Bond Markets Steady Near Yesterday's Best Levels
Two day charts do an exceptional job of conveying the most relevant trading themes surrounding the Fiscal Cliff. Yesterday afternoon's slow, steady improvements offered up a "pitch" for any positive Fiscal Cliff headline. Just before 3pm, a batter stepped up to the plate and made contact. News that Congress would reconvene on Sunday evening at 6:30pm was construed as a solid base-hit as stock prices and bond yields rose fairly quickly.
Almost all of that move was finished before the extremely slow overnight session began. Asia didn't seem to react much, but markets took on a skeptical stance into European hours. The picture soon came into view of Thursday's "base-hit" merely amounting to a pop fly, quickly falling back to earth.

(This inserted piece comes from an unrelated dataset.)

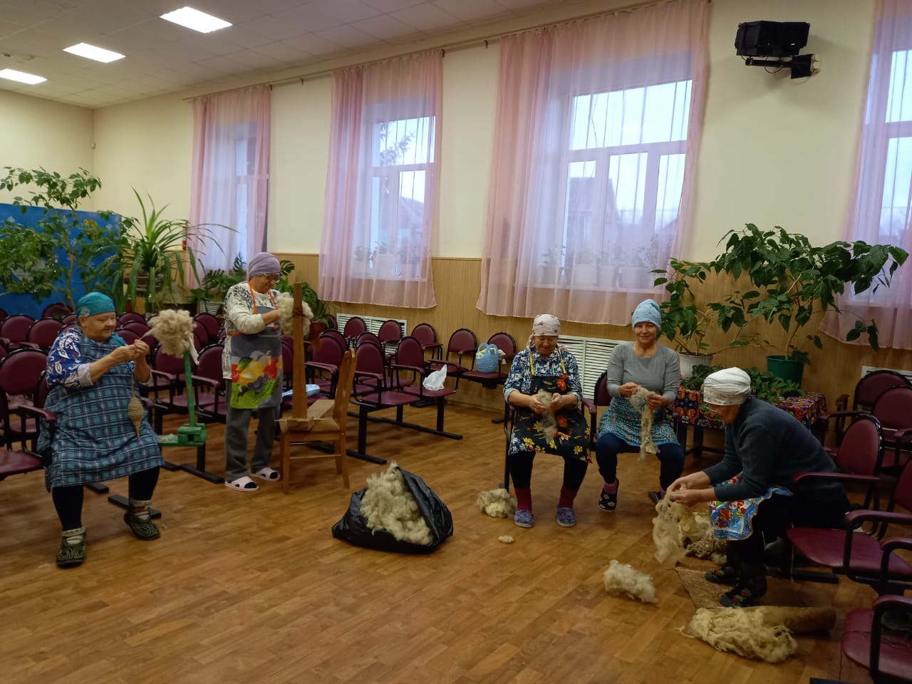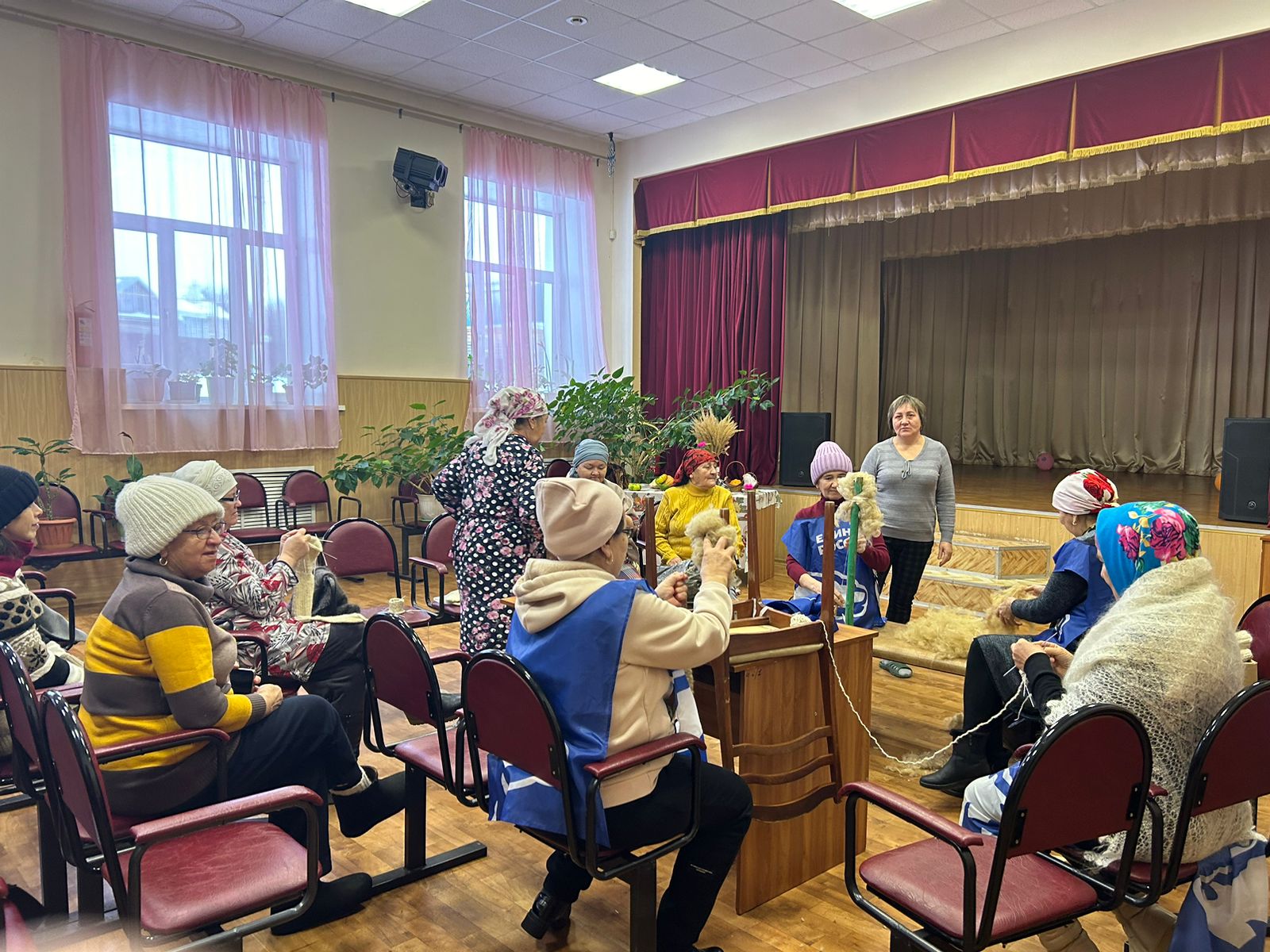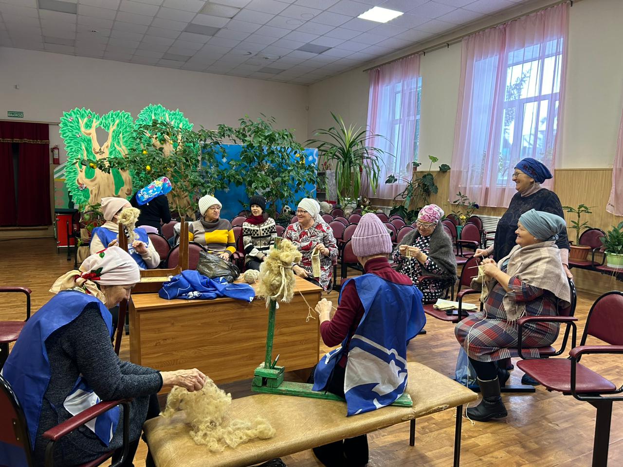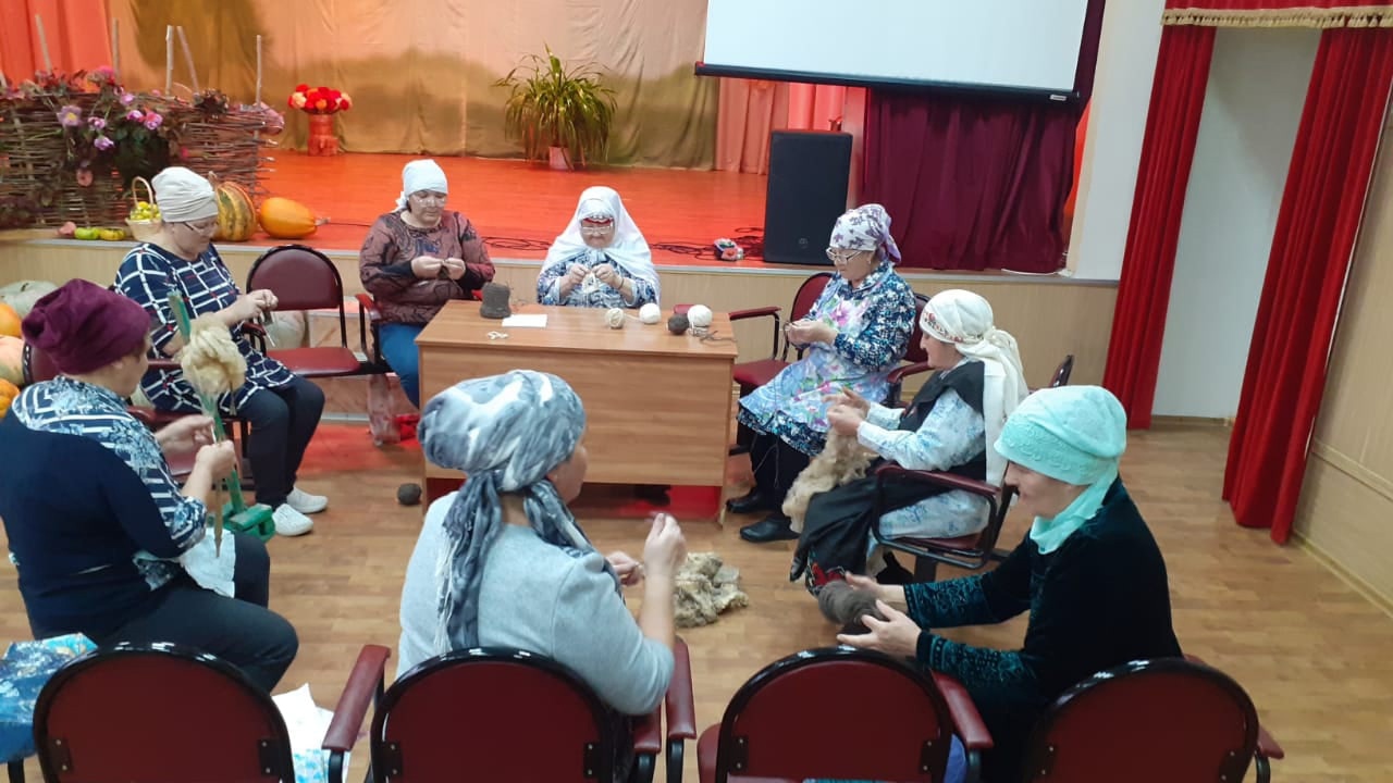 Женщины с.Сухие Курнали еженедельно по средам собираются прясть шерсть и вязать теплые носки для участников СВО.

And now this morning, domestic traders have finished off the skepticism that began in Europe with the earliest risers selling stocks and buying bonds ahead of the 8am open with the hour and a half of trading since then confirming the move. In other words, the ball is back on the same ground that it was before yesterday afternoon's base hit.
Fannie 3.0s are up 4 ticks at 104-29, right in line with yesterday's best levels. 10yr yields are back down to 1.706, right in line with yesterday's lows and S&P futures have slumped just over 10 points since yesterday's close.
The game, however, isn't over yet, and there's at least one more meaningful pitch this week. The President hosts Congressional Majority/Minority leaders in closed door meetings at the white house. "There's the wind-up!" The "pitch" will come if we get any actionable soundbytes following the talks. The risk to bond markets is that the meeting's conclusion amounts to another, more solid "hit" for risk markets, potentially hearkening an 11th hour deal, destined for legislative Hail Mary's beginning with the House's Sunday session.
For now, markets continue to look like they're mostly just waiting for the pitch before they take off running. That said, the domestic stock market open has seen a slight uptick in equities in the first 5-6 minutes of trading and a bit of pressure on bond markets as a result. The nice thing about all this Fiscal Cliff trading is that the "stock lever" has been quite well connected as markets trade broad "risk-on vs risk-off" concepts, just like the good old days. The risk is that equities markets muster more optimism about the "pitch" that's probably coming later today, forcing bond markets to take up a more defensive stance ahead of time.
Chicago PMI data is coming up at 9:45am followed by Pending Home Sales at 10am. Volume has been fairly low this morning, so with nothing better to swing at for now, markets may try their luck with some sort of reaction to the PMI data by way of warm-up for their actual "at-bat" following whatever news is produced by today's meeting.